The Health Service Executive (HSE, 2019) initiated a ‘Get active’ programme aimed at promoting the benefits of physical activity which includes; research to show that exercise reduces the feelings of depression and anxiety, increases mood and overall well-being, improves sleep, and enhances energy and productivity levels. Exercise also reduces the feelings of stress felt in the everyday life of a working human.

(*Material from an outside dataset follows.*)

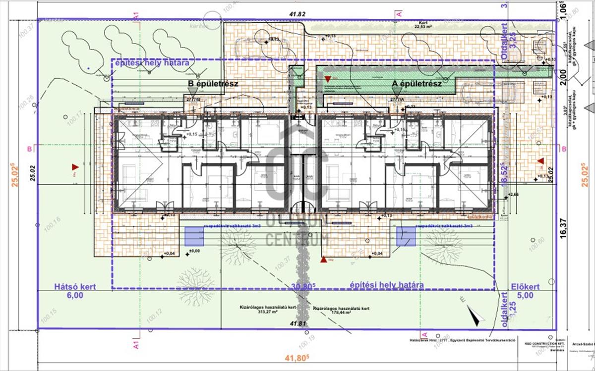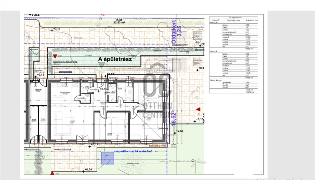 - a házhoz tartozó telek telek kb. 450 (Beépítetlen zöldterület/kertrész ebből 178, 44 m2)
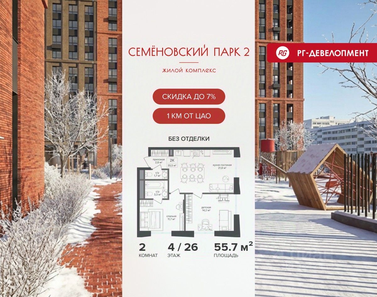 Ипотека для каждого! Полная стоимость кредита от 13,192% до 17,149%. Ставка от 0,11% в АО ''Альфа-Банк'', ген. лицензия ЦБ РФ 1326 от 16.01.2015. Ставка фиксируется на первые 12 месяцев, далее полная стоимость кредита от 22,022% до 24,599% ставка 21,59%. Первоначальный взнос — от 20,1% от стоимости квартиры. Срок кредитования — от 4 до 30 лет. Ипотека на весь срок! Полная стоимость кредита от 23,396% до 26,058% со ставкой 14,5%! Первоначальный взнос —от 20,01% от стоимости квартиры. Срок кредитования — от 3 до 30 лет. АО ''Банк ДОМ.РФ'' универсальная лицензия Банка России 2312 от 19.12.2018. Скидка 7% при покупке квартиры! Цена указана с учетом максимального размера скидки. Продается 2-к квартира 55,5 кв.м. в ЖК ''Семеновский парк 2'' на 4-м этаже 26 этажного дома. Компания ''РГ-Девелопмент'' предоставляет скидку на квартиры в жилом комплексе. Акция действительна до 15.03.2026 включительно. Чтобы воспользоваться предложением, необходимо подписать договор на приобретение недвижимости до 15.03.2026 включительно. Компания ''РГ-Девелопмент'' вошла в ТОП-10 девелоперов по объёму введённого жилья в ''Старой Москве'' по итогам 2025 года. Прямая продажа от застройщика! Квартиры без отделки. Срок сдачи корпуса - 1 кв. 2026 г. ЖК ''Семеновский парк 2'' - это идеальное место для того, чтобы стать вашим домом. Проект расположен в исторической части Москвы вблизи Измайловского лесопарка, в 1 км от ЦАО. 4 станции метро отделяют вас от Красной площади и 15 минут на автомобиле - от Садового кольца.

While we exercise, the body’s adrenaline and cortisol levels are at a peak, playing on the sympathetic nervous system (‘fight or flight’ hormones). Because this is a physical stress, once the body stops exercising (stops using the ‘fight or flight’ response), the body then utilises the parasympathetic nervous system which is our ‘rest and digest’ system. In this era, due to work, careers and family stressors, our body is constantly in a sympathetic response which is never peaked or elevated making it constant. By using exercise, we peak this response in order for our bodies to ‘rest and digest’ and enable the body to relax.
As well as the mental and physiological attributes of exercise, research also shows weight training can aid in reversing the onset of osteoporosis (osteopenia) which is prevalent mostly in women aged 50+ in Ireland(HSE,2019). In Ireland, due to our geographical location, we lack sources of vitamin D due to scarce amount of sunlight, and also due to the increase in processed and inorganic food in our diet.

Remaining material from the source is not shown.